On a souvent tendance, d’ailleurs, à se reconnaître dans son appartenance la plus attaquée […]. L’appartenance qui est en cause – la couleur, la religion, la langue, la classe… - envahit alors l’identité entière. Ceux qui la partagent se sentent solidaires, ils se rassemblent, se mobilisent, s’encouragent mutuellement, s’en prennent à « ceux d’en face ». Pour eux, « affirmer leur identité » devient forcément un acte de courage, un acte libérateur.

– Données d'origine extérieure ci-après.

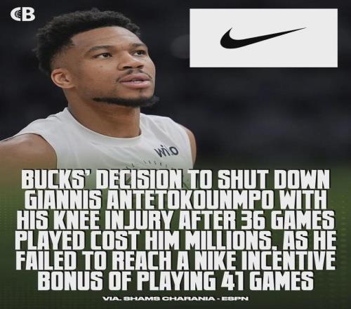 北京时间4月8日,NBA名记Shams撰写了一篇关于密尔沃基雄鹿队内幕的深度报道。雄鹿早就无缘附加赛,但字母哥强烈要求复出,大家一开始不知道为什么!Shams透露,因为耐克给字母哥的合同有个要求:单赛季出战超过41场。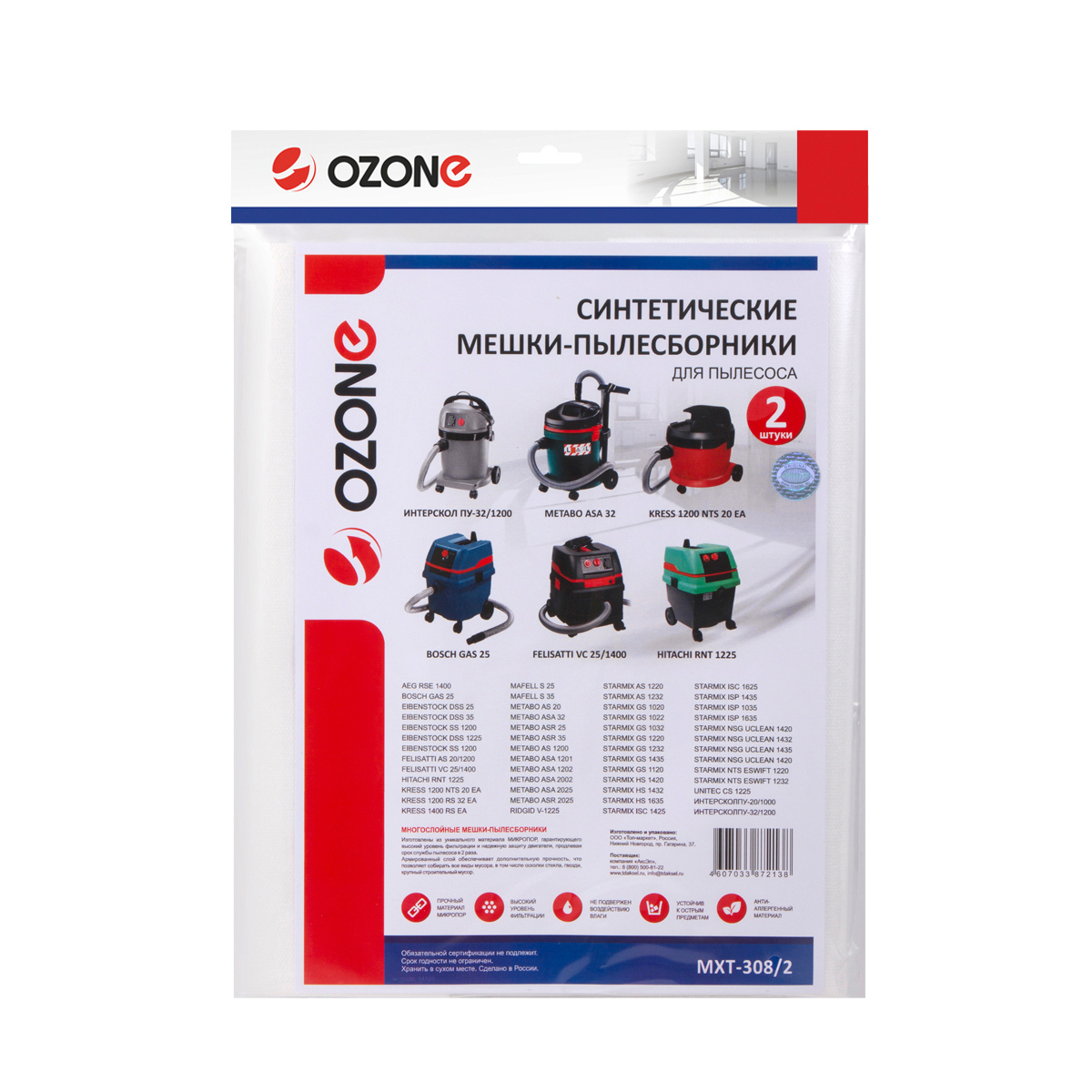 Мешок-пылесборник turbo OZONE XT-308 используется в качестве расходного материла в следующих пылесосах: AEG RSE 1400; BOSCH GAS 25; Eibenstock DSS 1225; DSS 1200; HITACHI RNT 1225; KRESS 1400; 140 RS/EA; METABO AS 1200; METABO AS 1201; METABO ASA 1201; METABO ASA 1202; METABO ASA 2002; METABO ASR 2025; STARMIX FB20; STARMIX FB32-35;STARMIX 1020; 1022; 1030; 1032; STARMIX 1120; 1220; 1225; 1232; 1420; 1425; 1432; 1435; 1635; ИНТЕРСКОЛ ПУ-20/100; ИНТЕРСКОЛ ПУ-32/100. Это одноразовый мешок, который изготовлен из синтетического четырехслойного материала"micro-por". Добавление мельтблауна обеспечивает наличие фильтрующих слоев с более тонкими волокнами. Данный мешок обладает большей механической прочность, по сравнению с бумажными пылесборниками. Он не теряет фильтрующих качеств даже при работе с влажным мусором. При использовании данного пылесборника двигатель пылесоса работает без перегрузок.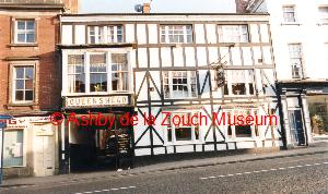 A 1995 view of the Queens Head (public house). On the left can be seen Nationwide Building Society and Sizzling Chicken (take-away)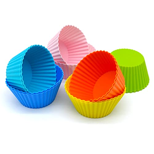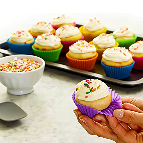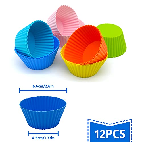 Generic - 12 قطعة من قوالب الكب كيك من السيليكون، علب خبز قابلة لإعادة الاستخدام، بطانات كب كيك، قوالب مافن في علبة تخزين، 6 ألوان

Au sein de chaque communauté blessée, apparaissent naturellement des meneurs. Enragés ou calculateurs, ils tiennent des propos jusqu’au-boutistes qui mettent du baume sur les blessures. Il disent qu’il ne faut pas mendier auprès des autres le respect, qui est un dû, mais qu’il faut le leur imposer. Ils promettent victoire ou vengeance, enflamment les esprits, et se servent parfois des moyens extrêmes dont certains de leurs frères meurtris avaient pu rêver en secret. Désormais le décor est planté, la guerre peut commencer. Quoi qu’il arrive, « les autres » l’auront mérité, « nous » avons un souvenir précis de « tout ce qu’ils nous on fait endurer » depuis l’aube des temps. Tous les crimes, toutes les exactions, toutes les humiliations, toutes les frayeurs, des noms, des dates, des chiffres.
[…]
Il ne s’agit pas de cas isolés, le monde est couvert de communautés blessées, qui subissent aujourd’hui encore des persécutions ou qui gardent le souvenir de souffrances anciennes et qui rêvent d’obtenir vengeance. Nous ne pouvons demeurer insensibles à leur calvaire, nous ne pouvons que compatir à leur désir de parler librement leur langue, de pratiquer sans crainte leur religion ou de préserver leurs traditions. Mais de la compassion, nous glissons parfois vers la complaisance. A ceux qui ont souffert de l’arrogance coloniale, du racisme, de la xénophobie, nous pardonnons les excès de leur propre arrogance nationaliste, de leur propre racisme et de leur propre xénophobie, et nous nous désintéressons part là-même du sort de leurs victimes, du moins tant que le sang n’a pas coulé à flot.
[..]
Ne disais-je pas tantôt que le « mot identité » était un « faux ami » ? Il commence par refléter une aspiration légitimes, et soudain il devient un instrument de guerre. Le glissement d’un sens à l’autre est imperceptible, comme naturel, et nous nous y laissons tous prendre quelquefois. Nous dénonçons une injustice, nous défendons les droits d’une population qui souffre, et nous nous retrouvons le lendemain complices d’une tuerie.